This is true, to the japanese, things had to be completely intended, as well as controlled to a decent extent. Ei: Nijuha, wasnt nijuha unless it was purposely(and thus skillfully) put there.
Its a japanese word to stray too far from its meant definition, is kinda insane to me.

----------


## Jason Arnold

Thanx for your input guys.

I was reminded when I saw an ad for "Swamp Rat" knives. Wait was it 'swamp rat'? Well anyway, they mentioned their suguha; do too a laminate method. Well people like Cold Steel do it to. With their stainless stuff. Then I got thinking again about hocho and traditional styles.

I guess if you broke the word down it would literally be something like 'blade-pattern' or 'blade-emblem'. So I guess methodology employed to produce it would be sort of irrelevent. Hmm.

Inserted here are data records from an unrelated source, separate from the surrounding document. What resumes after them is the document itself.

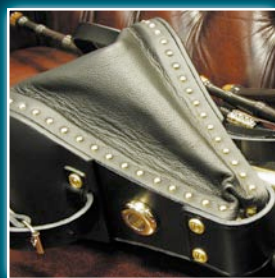
Bellows with gold fittings
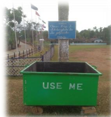
Plate: Dustbins can also be made artistic with and Recyclable modern-day dustbin the simplest form of material.

With the help of mission in 2014 and efforts Public Health Engineering Department (PHED), the villagers began to have pucca toilets. The village has never seen any conflicts; people have learned here to live peacefully and united.
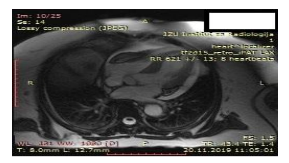
Fig. 3. Magnetic resonance of the heart in takotsubo cardiomyopathy

Andova et al.; AJRCD, 2(3): 11-16, 2020; Article no.AJRCD.59073
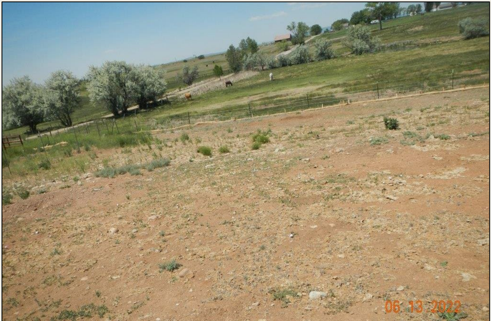
Photos 4. View of area along the western portion of the pipeline ROW where hydromulch is observed and seeding appears to be conducted.
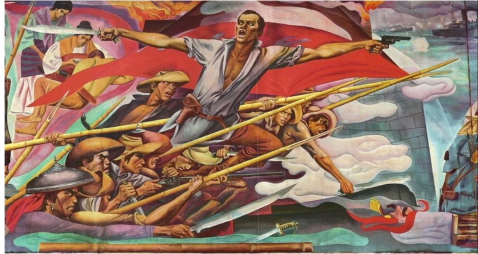
Philippine Revolution (1896-1898)
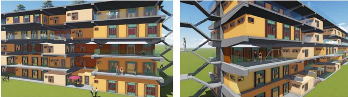
Figure 2: Typical layout for type A
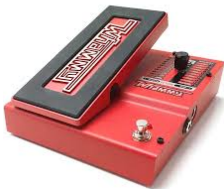
Digitech Whammy pedal used on "My iron lung" and "just"
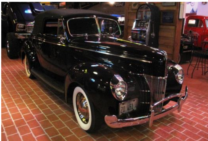
Beautifully-restored 1940 Ford Convertible
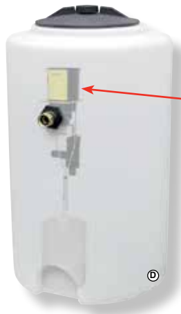
Mixing Valve mounted inside tank

Automatic Liquid Supply Tank. No more hand mixing, this tank will do it for you!! Heavy-duty plastic construction. Standard with a 5 or 10 gallon per minute Hydrominder valve for exact mixture of solutions. Diameter is 16" x 28" high. Standard with a 8" locking lid. Note: Discharge from tank can be through the top or a bottom fitting (not included but can be supplied).
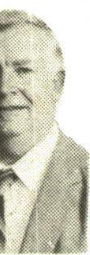
AB GENOE Sales Rep.
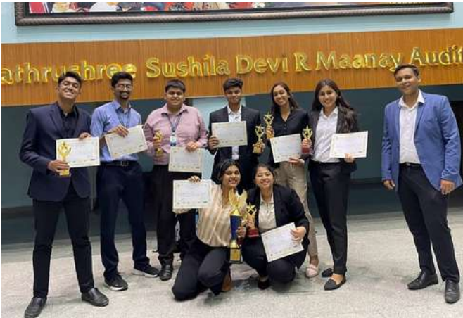
Participants in the Aarohan (BNMIT) Business Fest and Quiz
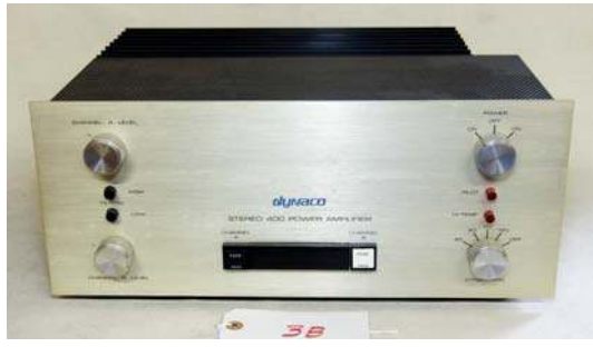
38. Dynaco / 400 Stereo power amplifier
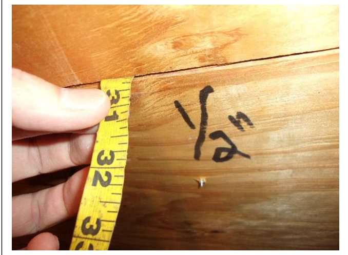
ROOF DECK THICKNESS – ½ inch plywood

R3 of Florida, LLC P.O. Box 152205 Cape Coral, FL 33915 Office: 239.810.7793 Email: radjrsas@yahoo.com
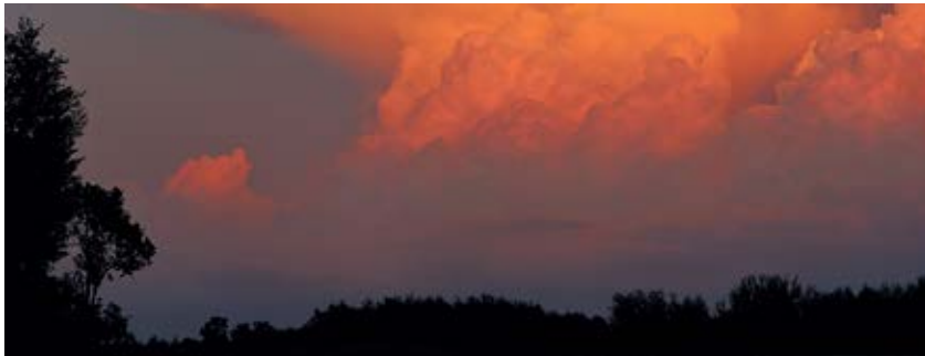
North winds help push migrating birds south, but stormy skies sometimes force the travelers to land.

Ducks, geese, loons, hawks, eagles, and other large birds migrate during the day. Hawks and eagles can take advantage of thermals —patches of upward-flowing air caused by the sun's warmth. On this warm air, they can rise and soar without flapping their wings.
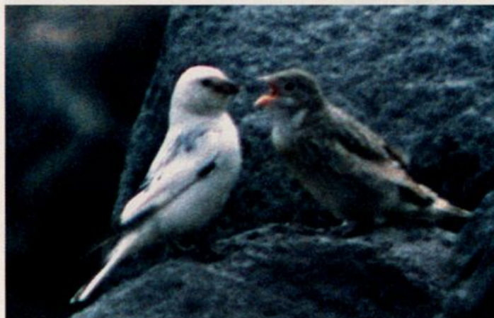
This female McKay's Bunting on St. Paul, first discovered 23 May 2002, was photographed 12 June feeding three young produced with a male Snow Bunting.

Well thanx for your thoughts guys.

-Jason

----------


## Patrick Hastings

> _Originally posted by Jason Arnold_ 
> *Thanx for your input guys.
> 
> I was reminded when I saw an ad for "Swamp Rat" knives. Wait was it 'swamp rat'? Well anyway, they mentioned their suguha; do too a laminate method. Well people like Cold Steel do it to. With their stainless stuff. Then I got thinking again about hocho and traditional styles.
> 
> I guess if you broke the word down it would literally be something like 'blade-pattern' or 'blade-emblem'. So I guess methodology employed to produce it would be sort of irrelevent. Hmm.
> 
> Well thanx for your thoughts guys.
> 
> -Jason*


   I think a critical element of a hamon  is the multitude of microstructures. The Lamination of two or more steels does not mean you have a transition between microstructures simply of alloy content. On a laminate the line is not dependant on the heattreat or microstructures. A clay coated blade has a transition zone between the hard  martensite to the softer pearlite/ferrite. YOu can very well have a hamon on a laminate though. A hamone can run up above and below the laminate line. On some blades the interplay between two steels of varying composition and how the hamon runs up and down and across them both can be very interesting.

 The swamp rat example would be all one microstucture(martensite) as far I know based on the RCs.The line would show up before or after heattreat Since differing alloys etch differently regardless of heattreat.

Direct translation is futile, but the meanings I gleamed from the internet were  "Ha" Tooth "Mon" Root of Tooth(gums hehe) Perhap someone that understands the laguage better could interject some thoughts on the words meaning  in context.

----------


## Joseph Renner

ha-mon, more or less "edge pattern".

----------